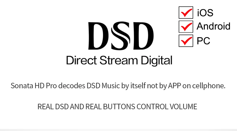 Прямой поток цифровой, Sonata HD Pro декодирует DSD музыку самостоятельно не через приложение на мобильном телефоне. Реальные DSD и реальные кнопки управления громкостью
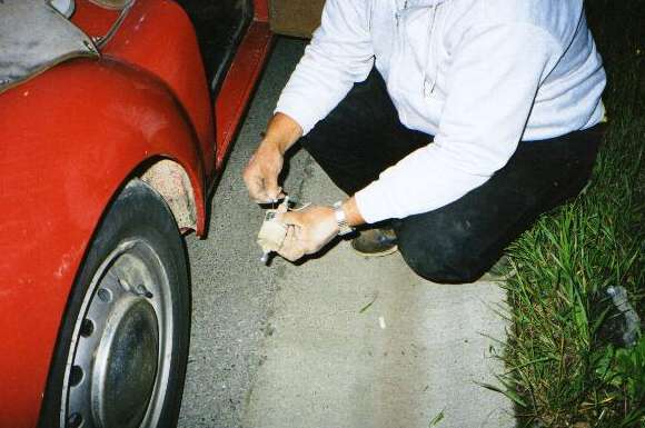 June 21, 3:00 am in Anchorage. We had caught up with John and Gladys McNaughton at a bed and breakfast in Anchorage about 1:00 am to give them the news of Dick Criswell's accident. As we were considering where to hang our hats for the night, this 100,000 mile fuel pump decided to call it quits. Yes, we had another one in the trailer, and it was just a 20 minute swap. Little fella, isn't it? Yes, it's not stock, but it sure is easy to pack, and you get another one nearly anywhere.
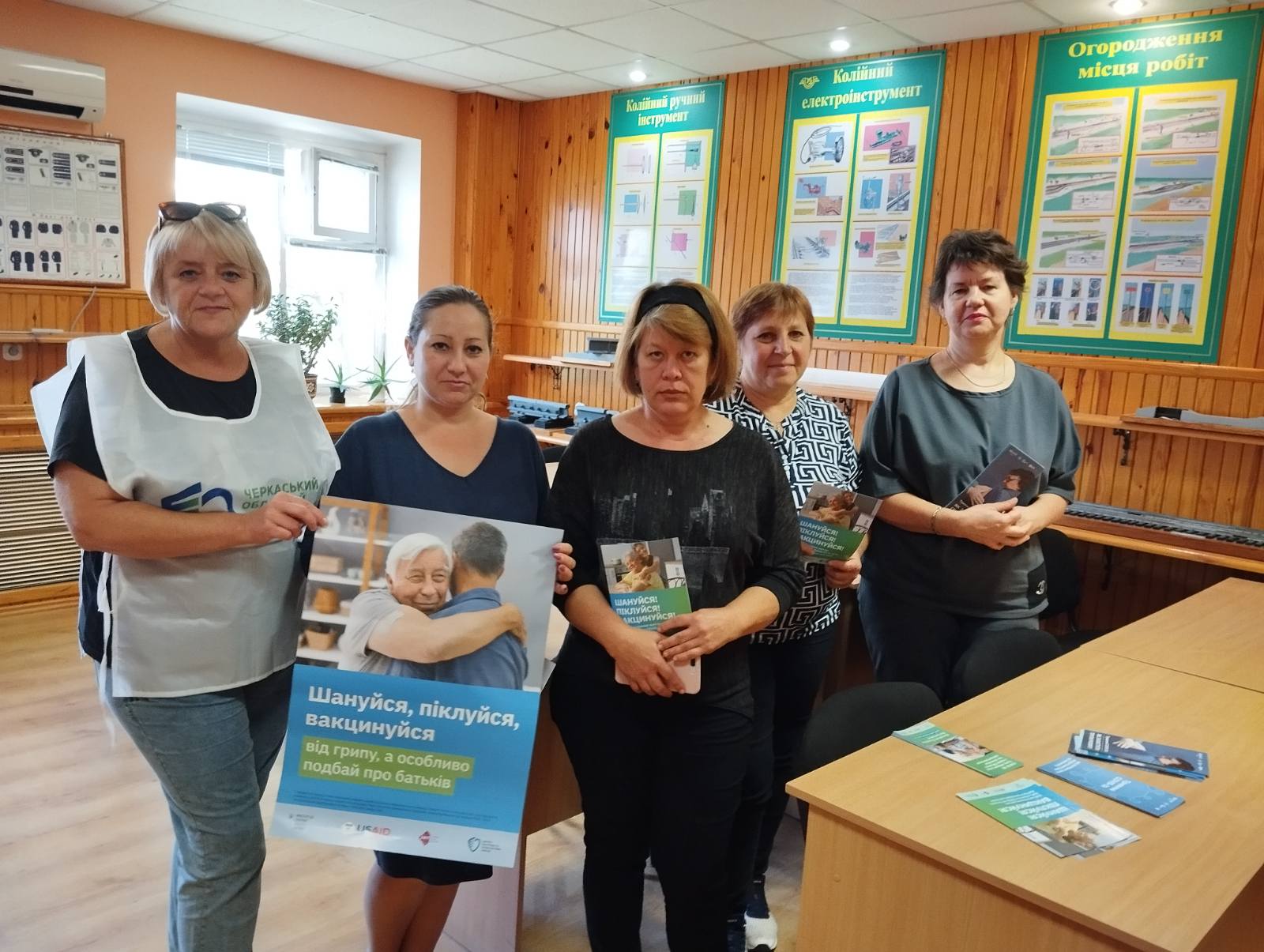 Помічниці лікаря-епідеміолога Смілянського відділення Черкаського міськрайонного відділу обласного центру контролю та профілактики хвороб Олена Сторчак та Ірина Мартиненко провели зустріч із працівниками підприємств залізничного транспорту:
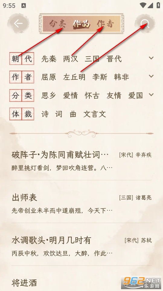 输入自己需要查询的古诗点击搜索即可搜索出诗词结果。
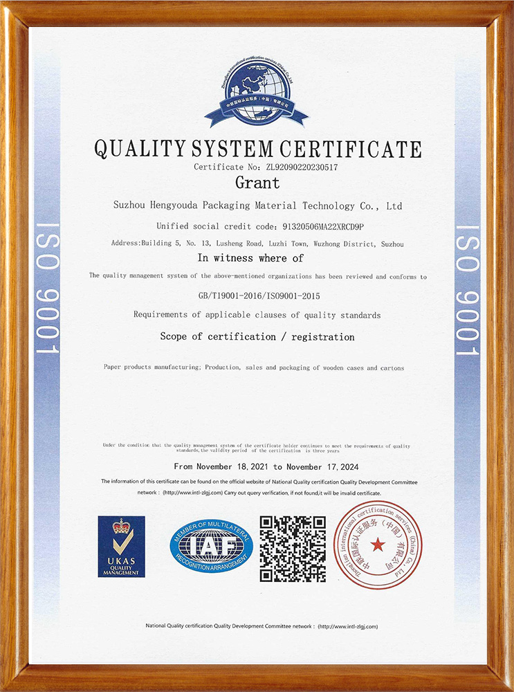蘇州恒優(yōu)達包裝材料科技有限公司位于蘇州吳中區(qū)甪直古鎮(zhèn),靠近滬寧高速、滬寧鐵路,靠近昆山,上海,蘇州工業(yè)園區(qū)等,交通十分便捷。公司占地面積1500平方米,擁有員工18余人,其中專業(yè)技術(shù)人員10名。我公司是一家專業(yè)生產(chǎn)包材:瓦楞紙板、紙箱、紙托盤、木箱、木托盤、泡棉的企業(yè)。
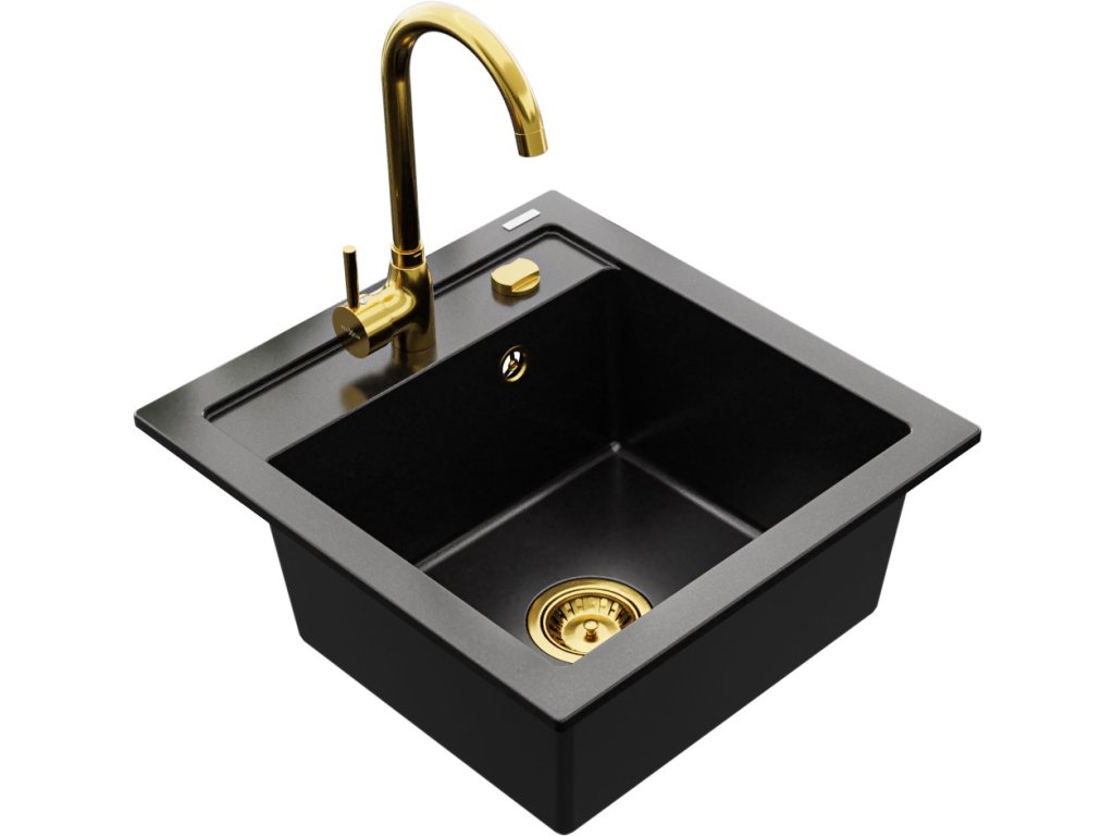 MEXEN/S - Vito granitový dřez 1-miska včetně baterie Telma, černá 6503-77-670200-50
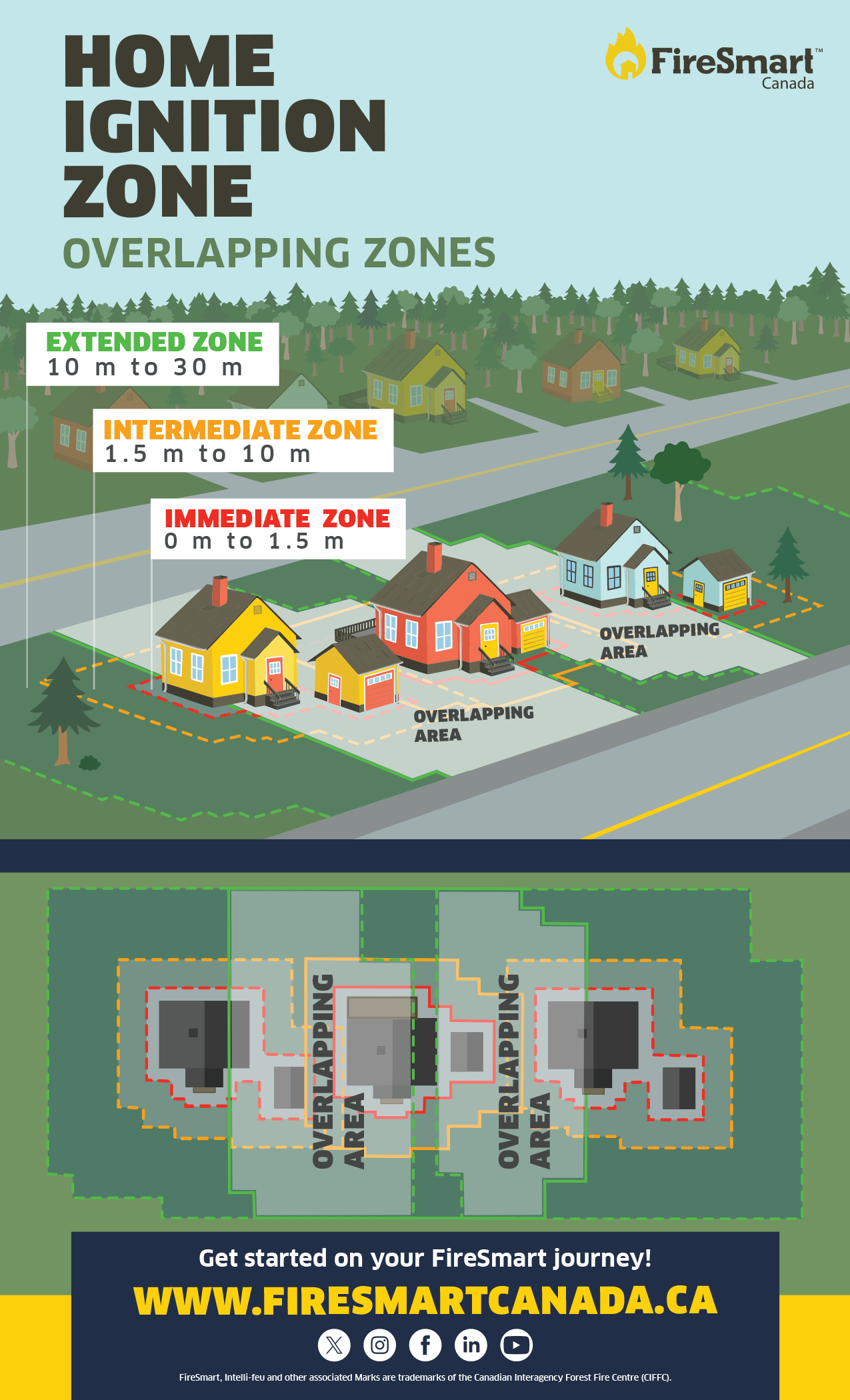 As many neighbourhoods across the country are densely populated, it is very likely that properties will have extended, intermediate or even immediate zones that overlap. When neighbours have overlapping zones, the areas where their properties meet share a heightened risk of ignition during a wildland fire and it is crucial that they work together to reduce risk. Neighbours can enhance the resilience of their their individual properties and that of the entire neighbourhood by working together to reduce risk and remove potential hazards in their overlapping zones.

______________________________

Among the entries above, copy exactly the stretch from the line holding "蘇州恒優(yōu)達包裝材料" through the line holding "MEXEN/S - Vito", leaving out any pictures.

* [RESULT OF THIS EXERCISE]:
蘇州恒優(yōu)達包裝材料科技有限公司位于蘇州吳中區(qū)甪直古鎮(zhèn),靠近滬寧高速、滬寧鐵路,靠近昆山,上海,蘇州工業(yè)園區(qū)等,交通十分便捷。公司占地面積1500平方米,擁有員工18余人,其中專業(yè)技術(shù)人員10名。我公司是一家專業(yè)生產(chǎn)包材:瓦楞紙板、紙箱、紙托盤、木箱、木托盤、泡棉的企業(yè)。
 MEXEN/S - Vito granitový dřez 1-miska včetně baterie Telma, černá 6503-77-670200-50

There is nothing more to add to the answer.